L’essai de Vincent Ouattara est divisé en deux grandes parties. La première partie, théorique, rappelle les différentes théories littéraires et puise à diverses sources, ethnologique, philosophique, sociologique pour élaborer son échafaudage théorique pluridisciplinaire. On sent que l’auteur n’a pas rédigé son ouvrage en pantoufles, ne s’est pas contenté de caresser la reliure des beaux livres mais les a lus avec application et s’est approprié toute l’érudition sur le sujet, de sorte que dans cette partie défilent les théories littéraires et de sciences humaines. On croise du beau linge dans cette partie : Sartre, Barthes,
Bakhtine, Balandier, Sandwidi H, Sanou Salaka, Darcy Ribeiro, Irish Murdoch, etc. Des Européens, des Américains, et des Africains. C’est un salon littéraire idéal où l’auteur aurait convié toutes les éminences de la critique littéraire pour qu’ils dialoguent, se contredisent, se complètent, s’éclairent les uns les autres et éclairent surtout le lecteur, qui en sort fort instruit des questions de critique littéraire.
Dans la seconde partie, l’auteur met l’ouvrage de Dim Dolobsom sur la table de dissection et l’analyse à l’aide de ces outils théoriques. A travers plusieurs entrées, la narratologie, les temps et ordre du récit, la fiction, l’utilisation des adjectifs et des adverbes, il montre grâce à ces entrées colligées que l’ouvrage de Dim manifeste une certaine ambition de bien dire à travers l’organisation de la narration, le recours à une stratégie d’intéressement du lecteur à travers la fiction, et par l’utilisation de chants, de proverbes, de contes qui sont des genres de la littérature orale. L’originalité de cet ouvrage, au-delà du regard d’encyclope de son auteur, se trouve dans l’invitation de la littérature orale dans la question de la littéralité, dépassant ainsi le clivage entre scripturaire et oralité dans la saisie de la littéralité. Ce livre fait bouger les lignes de démarcation entre écrit et oral, entre fiction romanesque et récit ethnographique ou de voyage. On se gardera de révéler les conclusions de l’auteur.
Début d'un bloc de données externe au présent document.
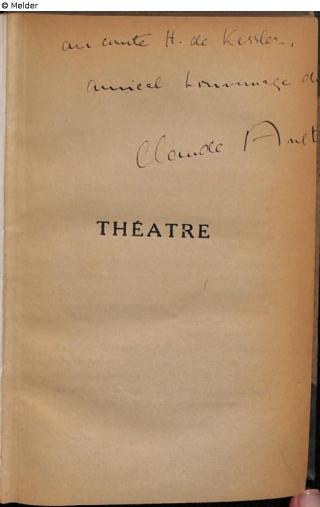 Dedication Author: "au comte H. de Kessler, amical hommage de Claude Anet", half-title page

Il faut en outre saluer l’option de l’auteur de donner un résumé de tous les chapitres de l’ouvrage de Dim Dolobsom, parce que cet ouvrage, la première publication de pays, reste introuvable même à la Bibliothèque universitaire de Ouagadougou. A notre connaissance, malgré le combat de Pacéré Titinga pour faire connaître cet ouvrage, il n’en existe qu’un exemplaire, bien amoché du reste, qui peut être consulté à la bibliothèque des Archives Nationales. Un autre était disponible au Fonds burkinabè de l’Institut français mais celui-ci a été fermé. Gageons que cet essai amènera les bibliothécaires et des libraires sur l’œuvre fondatrice des lettres burkinabé.
Cet essai qui explicite les différentes théories et approches du texte littéraire et des écrits des sciences humaines est incontournable pour les élèves, étudiants de lettres et tous ceux qui s’intéressent à la chose littéraire. La langue adoptée par Vincent Ouattara, claire et accessible, évite le jargon du spécialiste et lorsqu’un concept ne peut être remplacé par un mot plus courant, il est explicité dans le texte. Ce qui en fait un essai à la portée de tous.
Toutefois, cet essai, malgré la rigueur de sa démarche et la sûreté de son appareil critique, pourrait difficilement mettre un terme à la polémique sur le premier écrivain de notre littérature tant cette querelle excède le domaine de la littérature et cache des enjeux géopolitiques et régionalistes. Qu’il tarisse la polémique ou la relance, le livre de Vincent Ouattara contribuera, à n’en pas douter, à renouveler les approches dans les études sur les littératures africaine.